Sunday, January 29, 2006

Corruption of the Innocent

You know, I like a good SVU episode as much as the next guy, but I'm really getting tired of every character and their sister and brother ending up with sexual dysfunction in their past to add cheap gravitas to a story. "Spider-Man/Black Cat" is only the most recent offender because Kevin Smith is way too slow, but it comes on the heels of "Sins Remembered," "Identity Crisis" and the subsequent fallout, and whatnot. I mean, I'm all for dark, mature stories in comics, but there's nothing mature about the sudden revelation of a long-repressed memory of sexual abuse.

Confusing "sex" with "mature" has long been a problem. I'd say that "Batman: TAS" is a more mature series than "Baywatch," because "Batman" had depth of plot and character, and it employed violence and story to evoke emotional reactions and make allegorical points about the actual world; "Baywatch" had bouncing breasts.

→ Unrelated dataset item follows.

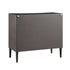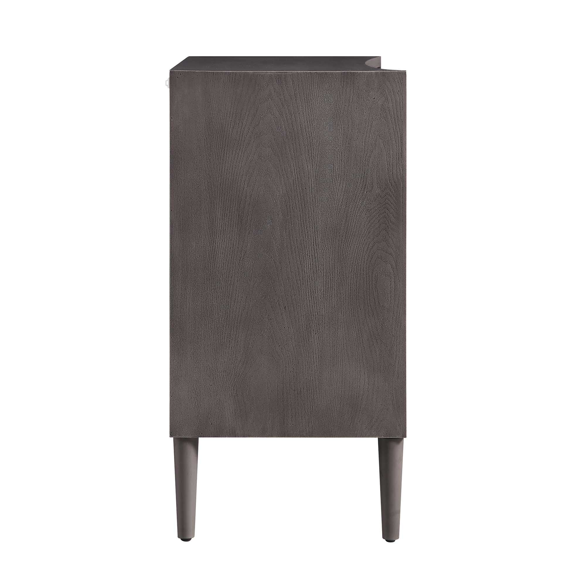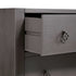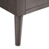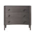- Gently concave drawer fronts are complemented with the aged brass clove metal handles.

Sexual abuse is no different from T&A in this regard. It's easy; it's like printing your own emotional impact. After all, it's a terrible adversity to overcome (makes hero seem stronger), it's universally evil (eventual triumph of good over evil), it's humanizing (makes character relatable, vulnerable), and it's often repressed or unmentioned (easily inserted into continuity and never referenced again). It's a writer's emotional wet dream.

Unfortunately, writers finally realized this in an era where talking about sexual indiscretion wasn't taboo for comics, and now it has spilled all over. There was a time when it was shocking that Tim Drake's girlfriend was assaulted (though I don't recall the details of that story); it was stomach-turning when Barbara Drake was shot and then photographed provocatively in "The Killing Joke." When Sue Dibny's rape was revealed, hot on the heels of her brutal death, it felt like nothing so much as adding insult to (fatal) injury. When Felicia Hardy let her black cat out of the bag, my reaction was "oh no, not another one."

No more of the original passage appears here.